Doğu Perinçek, bugün Türkiye ile ABD arasında silahların konuştuğu bir mücadele olduğunu belirterek bu süreçte önce doğru mevzilenmek gerektiğini ifade etti. Perinçek "Amacın cephe içinde kargaşalık yaratmak değil, bu dünya ölçeğinde sonuçları olan savaşı kazanmak" olması gerektiğini söyledi.

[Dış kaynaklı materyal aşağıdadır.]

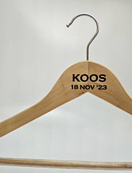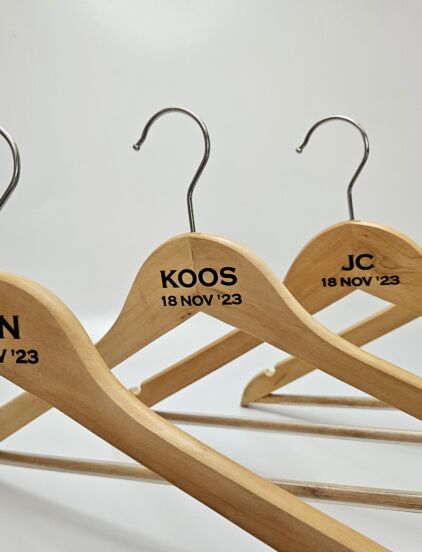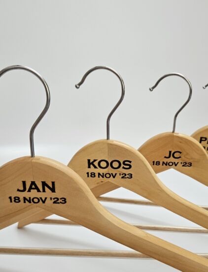 A modern, masculine font is used to engrave a Word/Name/Date on front

15 Temmuz'da gerçekleşen askeri darbe girişimini "Ankara ve İstanbul’da gerçekleşen Türk-Amerikan savaşı" olarak yorumlayan Perinçek, Türkiye'nin ABD’nin piyonlarına karşı savaştığını ifade etti. Doğu Perinçek'in Aydınlık Gazetesi'nde bugün (10 Ağustos) yayımlanan yazısının ilgili kısmı şöyle:
"ABD, Türkiye’ye ambargo koyuyor. ABD yönetimi Türkiye’ye 'operasyon' ve Tayyip Erdoğan’ı devirme tertiplerini yayın organlarından ilan ediyor (Son örneği Newsweek, 31 Temmuz 2018). Dahası bu tertipler uygulanıyor.
"ABD ve İsrail, Doğu Akdeniz’de birbiri ardı sıra Türkiye’yi hedef alan askerî tatbikatlar yapıyor. Türkiye, hem yurt içinde hem Suriye ve Irak’ın kuzeyinde ABD’nin piyonlarına karşı savaşıyor. Daha dün, 2016 yılı 15 Temmuz gecesi Ankara ve İstanbul’da Türk-Amerikan savaşı olmuş.

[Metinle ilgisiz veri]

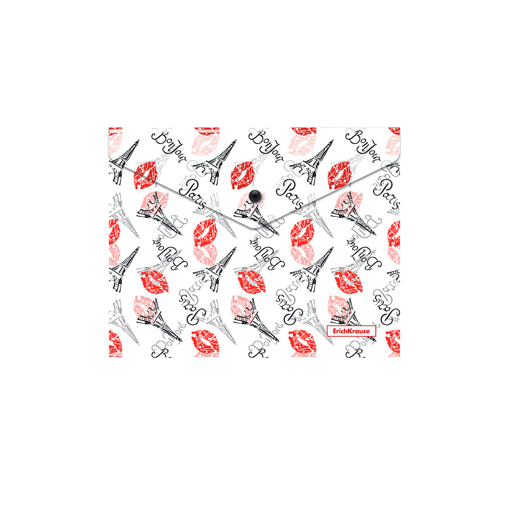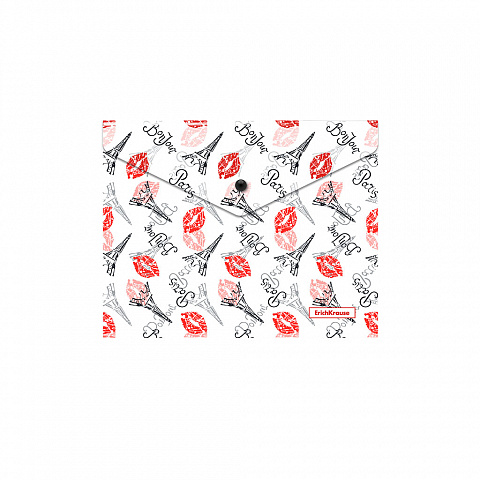 Папка-конверт на кнопке пластиковая ErichKrause® Bonjour, A5+ (в пакете по 12 шт.) |

"Almanya gibi ciddî devletlerin yöneticileri dahil, bütün dünya, Türkiye-ABD savaşının hangi yönde gelişeceği üzerine öngörülerde bulunuyor.

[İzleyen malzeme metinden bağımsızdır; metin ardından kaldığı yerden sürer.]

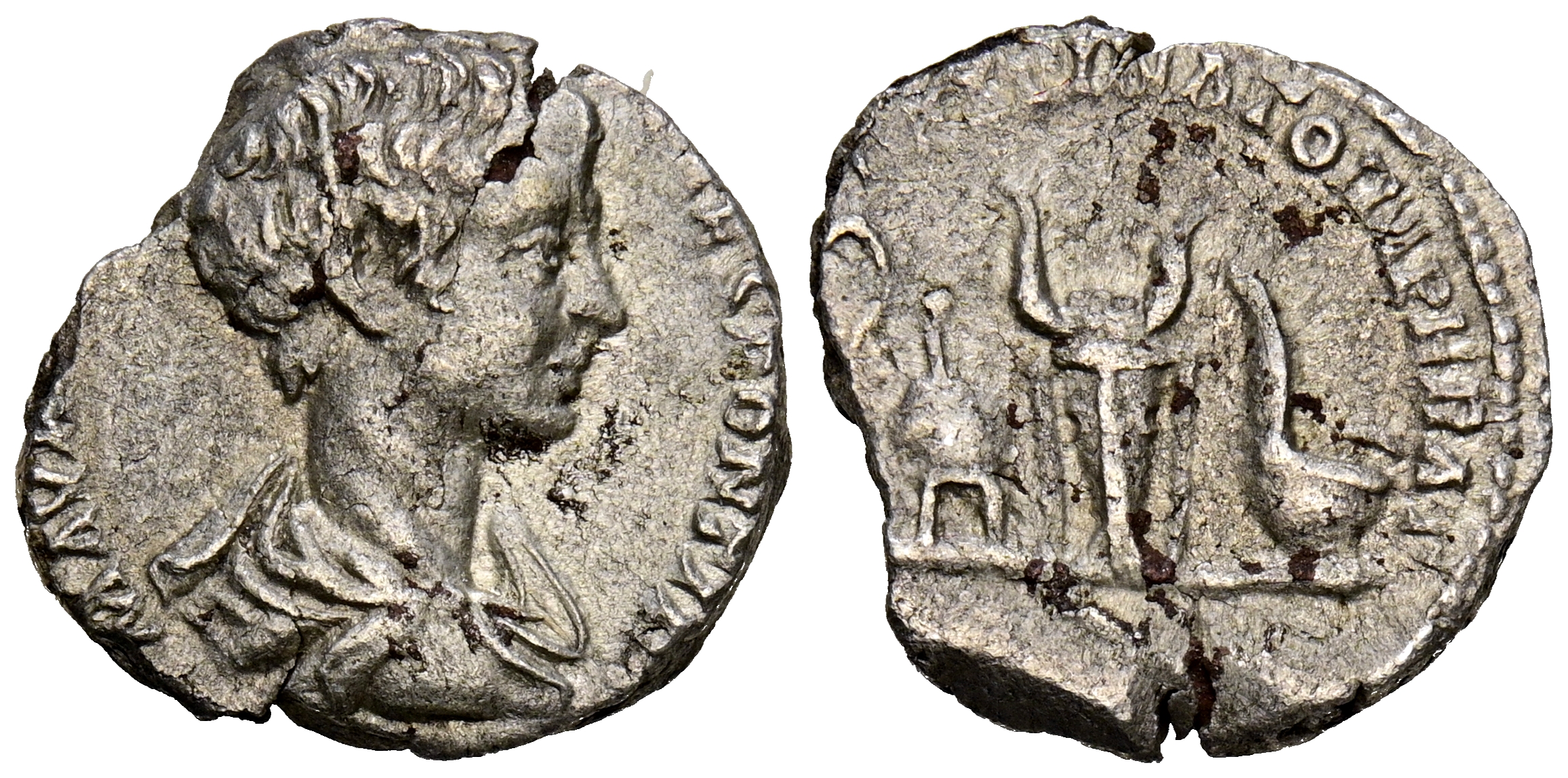 CARACALLA. Denario. (Ar. 1,99g/16mm). 196-198 d.C. Roma. (RIC 6). Rev: Busto drapeado de Caracalla a la derecha, alrededor de la leyenda: M AVR ANTON CAES PONTIF. Rev: Elementos sacerdotales, alrededor leyenda: DESTINATO IMPERAT. MBC-. Cospel irregular.

"Türkiye’nin ABD emperyalizmine karşı mücadelesini “Saray Savaşı” olarak niteleyenlerden bir kesimi olgular karşısında görüşlerini değiştirdiler. Bir kesimi ise, Beyaz Saray’ın savaşçılarına dönüştüler. Bunlar, AKP’ye muhalefet perdesinin arkasına saklanıyorlar. Ancak artık Türkiye’ye karşı savaşın piyonları haline geldiler. En son Rahip Bronson eksenli mücadeleyi de “papaz pazarlığı” diye karalıyorlar. Her durumda Türkiye cephesinde tereddüt, karışıklık, bozgun kışkırtma peşindeler.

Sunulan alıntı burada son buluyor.